Since these figures require knowing up front how many participants there will be, and what reduction in the number of cases there will be, they are more useful for evaluation than for planning. At the point of considering whether to invest in HM or not, and planning an intervention of any given type, there is a simpler way to approach the same challenge. It is called “numbers needed to succeed” (NNS) analysis. It depends on a combination of decisions and predictions made up front, rather than waiting to evaluate after the fact. [A. Linden & T. Biuso “In Search of Financial Savings from Disease Management: Applying the Number Needed to Decrease (NND) Analysis to a Diabetic Population” Oregon Health & Science University, Portland, OR (undated working paper)]

In the above example, if it is decided that an HM intervention costing $1250 is the one to be considered, and the predicted effect of this intervention is the reduction of 1.6% in the frequency of particular expenses, regardless of what these expenses come from, these are the only two numbers needed for NNS analysis. If the costs are $1250 per participant, and 1.6% of participants will yield the expected cost savings, then the amount of the cost savings needed for each such participant has to be $1250 divided by 1.6% = $78,125.

If the HCO is considering only one HM intervention, it can therefore look to see what the chances are that there will emerge from this investment as much as $78,125 in savings per case. If healthcare costs are only $40,000 for example, other costs, such as days absent and the lost productivity that means, short and long term disability costs, impaired productivity at work, for example. One study of over 200,000 employees, for example, found that employees at work who were recovering from a heart attack, had a 14% productivity impairment. [“Population Impairment Productivity Dashboard” (www.HealthMedia.com) May 6, 2007] This would amount to a loss of at least $8400 in output for a worker earning the average hospital employee wage of $60,000 per year, though it would depend on the hospital and labor market involved.

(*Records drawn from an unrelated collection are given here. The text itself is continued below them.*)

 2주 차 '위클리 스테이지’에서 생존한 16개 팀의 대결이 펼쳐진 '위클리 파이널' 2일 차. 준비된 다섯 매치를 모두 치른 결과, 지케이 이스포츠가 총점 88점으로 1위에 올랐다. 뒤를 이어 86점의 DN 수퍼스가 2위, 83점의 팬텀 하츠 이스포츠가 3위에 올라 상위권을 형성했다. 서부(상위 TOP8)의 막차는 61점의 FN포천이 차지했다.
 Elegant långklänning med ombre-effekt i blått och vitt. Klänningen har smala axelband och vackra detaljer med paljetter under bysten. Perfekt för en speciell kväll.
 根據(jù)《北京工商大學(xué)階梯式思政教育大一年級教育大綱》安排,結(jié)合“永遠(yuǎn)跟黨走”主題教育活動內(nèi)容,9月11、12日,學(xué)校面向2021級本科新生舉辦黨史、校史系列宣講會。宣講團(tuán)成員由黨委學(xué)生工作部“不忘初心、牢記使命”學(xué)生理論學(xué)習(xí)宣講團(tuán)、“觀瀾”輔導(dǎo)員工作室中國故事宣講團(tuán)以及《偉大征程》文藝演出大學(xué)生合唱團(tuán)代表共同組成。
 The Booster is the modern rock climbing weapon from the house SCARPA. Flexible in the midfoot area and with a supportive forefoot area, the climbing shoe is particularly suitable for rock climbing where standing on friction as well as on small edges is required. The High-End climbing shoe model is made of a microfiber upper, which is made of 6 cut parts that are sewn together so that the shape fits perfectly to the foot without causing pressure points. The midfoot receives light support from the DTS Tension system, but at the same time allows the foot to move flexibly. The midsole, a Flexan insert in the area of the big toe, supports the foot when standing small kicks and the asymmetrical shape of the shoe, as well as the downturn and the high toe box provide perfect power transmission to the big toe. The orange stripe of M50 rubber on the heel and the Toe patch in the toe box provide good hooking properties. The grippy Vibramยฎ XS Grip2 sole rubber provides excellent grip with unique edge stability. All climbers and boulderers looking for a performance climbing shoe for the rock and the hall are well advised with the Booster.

Moreover, there is known to be a “multiplier effect” for absent or impaired workers, in terms of their impact on team performance. This has been estimated at 1.4 for hospital nurses. [S. Nicholson, et al. “How to Present The Business Case for Health Care Quality to Employers” Applied Health Economics and Health Policy 4:4 2005 209-218] With such a multiplier, the economic loss from an employee recovering from a heart attack could be 1.4 x $8400 = $1176. When this amount is added to the $40,000 of avoided costs per case in hospital/medical costs, it is still only $51,176. If disability costs, days absent from work, impairment, and other costs ended up adding up to more than the $78,125 needed for breakeven, the program might be seriously considered.

On the other hand, there may be another HM intervention that has lower costs, say $500 per participant for illustration. If that program were predicted to reduce the frequency of adverse events by 1%, the amount needed in avoided costs to justify an investment in this alternative intervention would be only $500/.01 = $50,000. With a $40,000 start in terms of sickness care costs, finding the other $10,000 may not be as hard as finding the $38,125 extra needed for the original intervention.

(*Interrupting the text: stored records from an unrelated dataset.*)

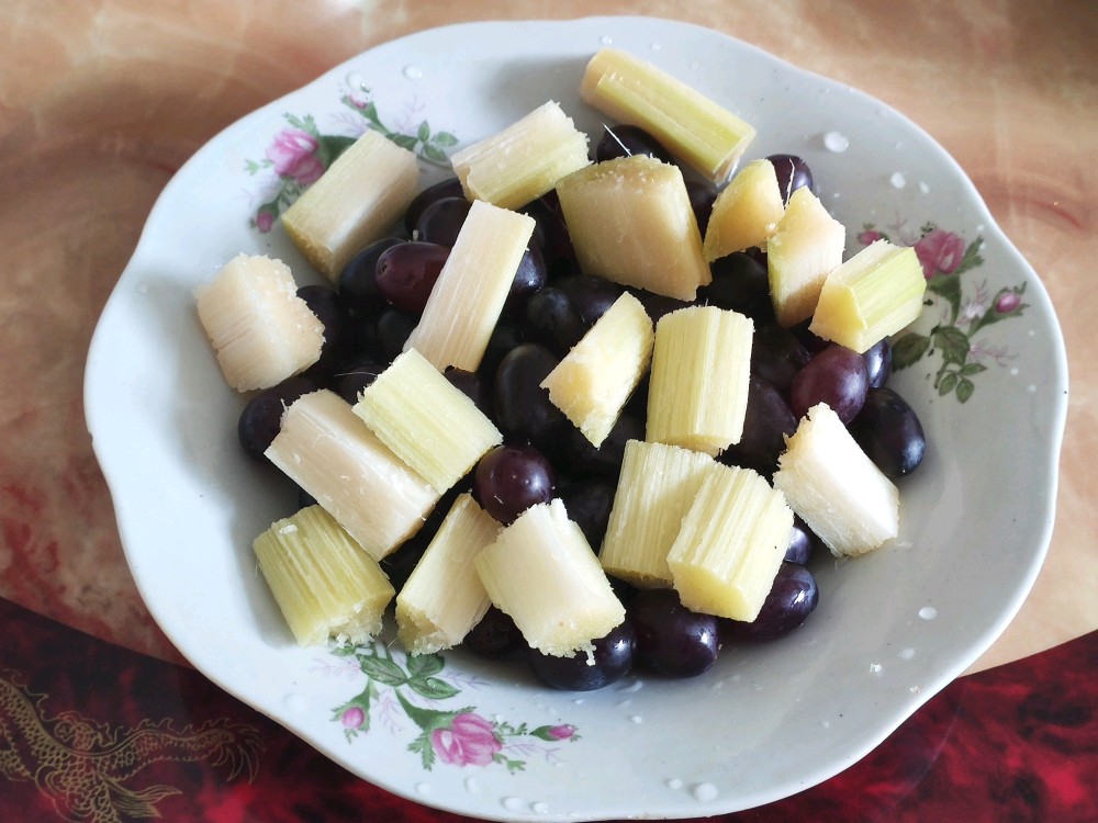 这甘蔗是真硬啊,看外表就跟竹子似的,吃着费劲不过确实甜~
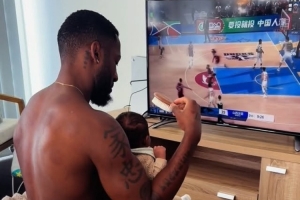 體育資訊9月15日訊 北京男籃外援杰曼今天更新社媒,曬出了帶娃一起看自己的CBA集錦的時刻。
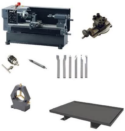 精密ミニ旋盤Compact3アドバンスセットにはスターターセットに付属されていたドリルチャック、センタードリル、6本バイトセットに加え、トップスライド、固定振止、チップスタンドが付属しています。
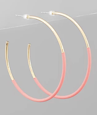Hoop earrings are a must have this season! We are loving these peach half coated gold hoops. They are perfect for all of your upcoming events!

By the same token, if there is a $200 intervention that would yield a .05% reduction in adverse cases, then the amount needed to breakeven on the program would be only $200/.005 = $40,000, the amount already specified as sickness care cost reductions expected. All other savings in disability, absence and presenteeism, in avoided turnover, plus any predicted increase in revenue that can be foreseen, would result in pushing the ROI above the breakeven point. In any case, the NNS analysis provides a useful tool for considering EHM, or any other investment whose costs and effects can be predicted on a per participant basis.